The system load high neither the memory usage is not very. Since the system is
not yet in production. With this problem we cannot use the machines in
3 other dual Pentium 3 without a raid (extern) are working just fine without
The cluster logs and syslogs are not giving any hints.
Next time the machines are hanging I'll try to get some dumps. Netdump is not
possible since the network adapters are not supported.
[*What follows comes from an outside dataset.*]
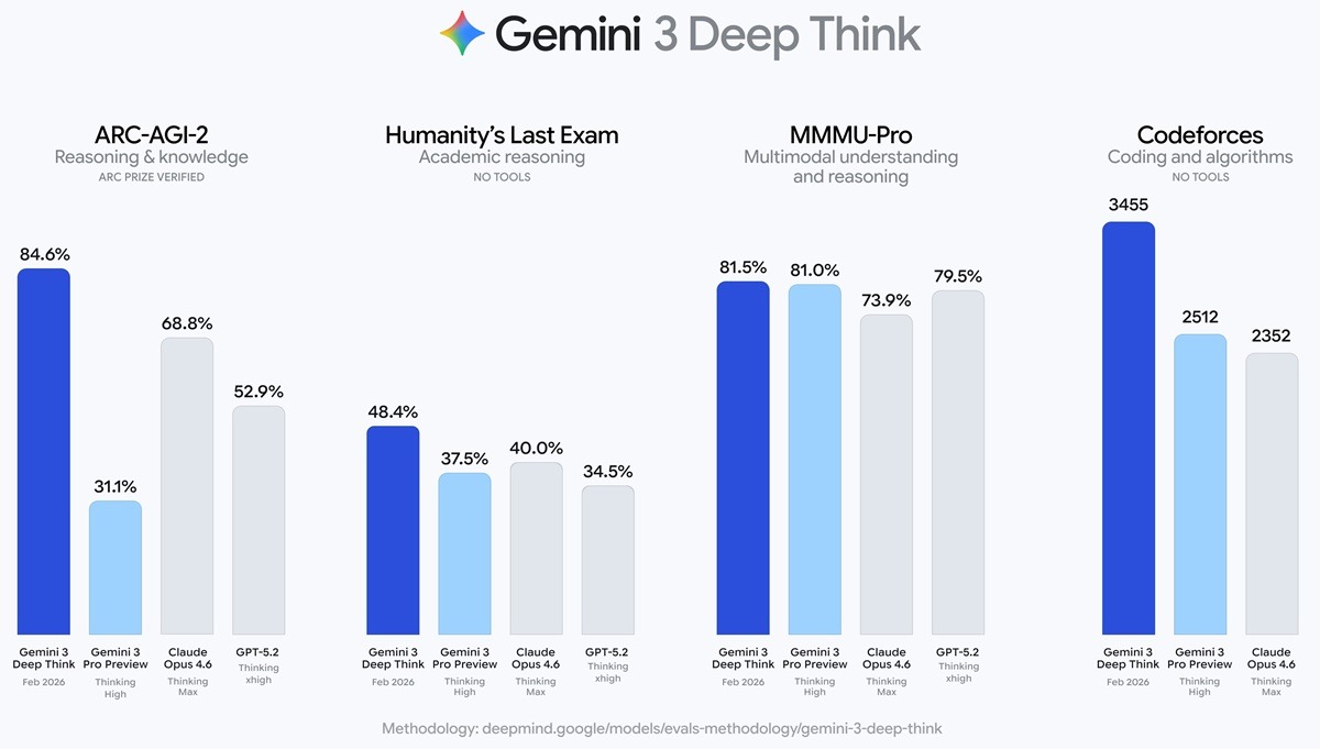 Esimerkiksi testeissä ARC-AGI-2, Humanity’s Last Exam, Codeforces: Elo ja International Math Olympiad 2025 päivitetty Gemini 3 Deep Think on saavuttanut huipputuloksia.

Is this still a problem with the latest AS2.1 kernel errata, e.24?
We haven't upgraded the kernel because we are in the middle of a release cycle.
We'll do a kernel upgrade towards the end of july. Since I'll be on vacation
then, I probably won't be able to answer this question until the middle of august.
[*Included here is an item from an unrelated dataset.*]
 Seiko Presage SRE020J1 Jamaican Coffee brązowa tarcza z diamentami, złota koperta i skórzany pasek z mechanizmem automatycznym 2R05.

Jorit, if you can answer this before that, please do.
The 'problem' has been removed by no longer using the cluster software. I'm
sorry I cannot help.
The solution now used is a simple heartbeat between the two machines and it
I just tried my stress test over night, and the machine was fine when
I got back to work this morning.
I'm running kernel 2.4.9-e.34smp.
Created attachment 102780 [details]
This is the stress test I used. Don't know what's necessary, but to bring my
system to its knees I ran two instances of it in parallell (sp?), thusly:
while true ; do date ; ./oom ; done
That doesn't bring my system down any more, but I'm attaching it for reference.